File-based model router for LLM cost optimization. Zero dependencies.

These details have not been verified by PyPI

Project links

Project description

Antaris Router

Adaptive model router for LLM cost optimization. Learns from outcomes. Zero dependencies.

Routes prompts to the cheapest capable model using semantic classification (TF-IDF), not keyword matching. Tracks outcomes to learn which models actually perform well on which tasks. Enforces cost/latency SLAs. All state stored in plain JSON files.
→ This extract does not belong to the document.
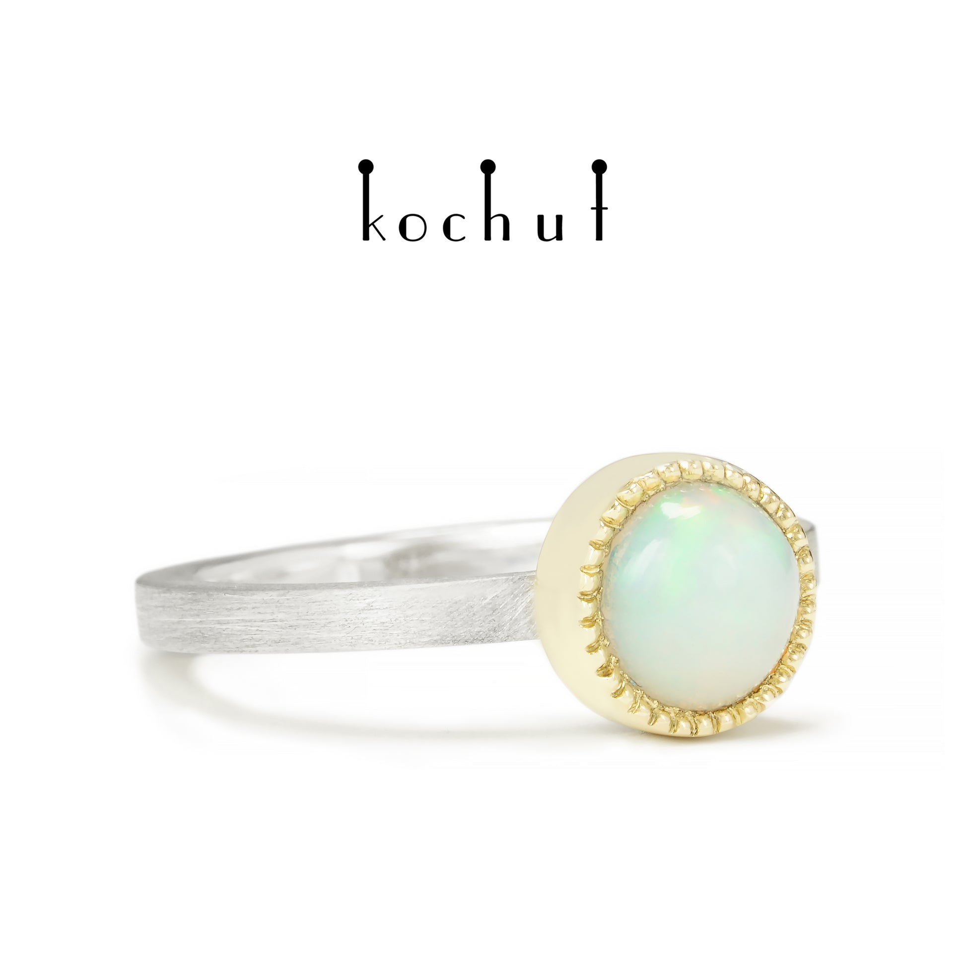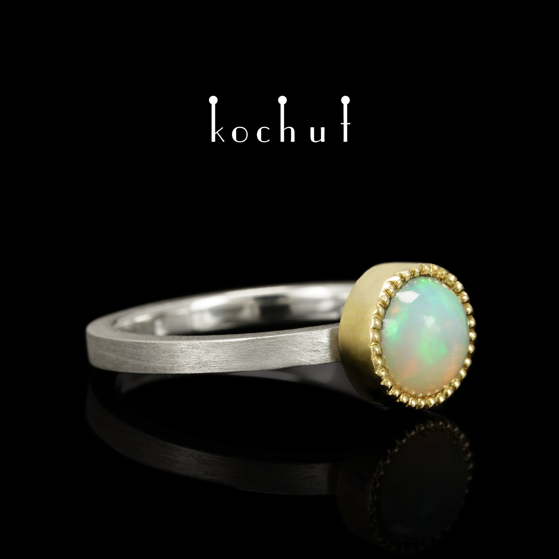 Jupiter — ein Ring aus Silber, Gelbgold und Opal

No API keys, no vector database, no infrastructure.

What's New in v3.0.0

SLA Monitor — enforce cost budgets and latency targets per model/tier; SLAConfig(max_latency_ms=..., budget_per_hour_usd=...), get_sla_report(), check_budget_alert()
Confidence Routing — RoutingDecision.confidence_basis for cross-package tracing; ConfidenceRouter for score-weighted decisions
Suite integration — router hints consumed by antaris-context via set_router_hints() for adaptive context budget allocation
Backward compatibility — all Sprint 7 SLA params optional; safe defaults throughout; existing AdaptiveRouter code unchanged
194 tests (all passing)

See CHANGELOG.md for full version history.

OpenClaw Integration

antaris-router is designed for OpenClaw agent workflows. Drop it into any pipeline to get intelligent model selection without modifying your agent logic.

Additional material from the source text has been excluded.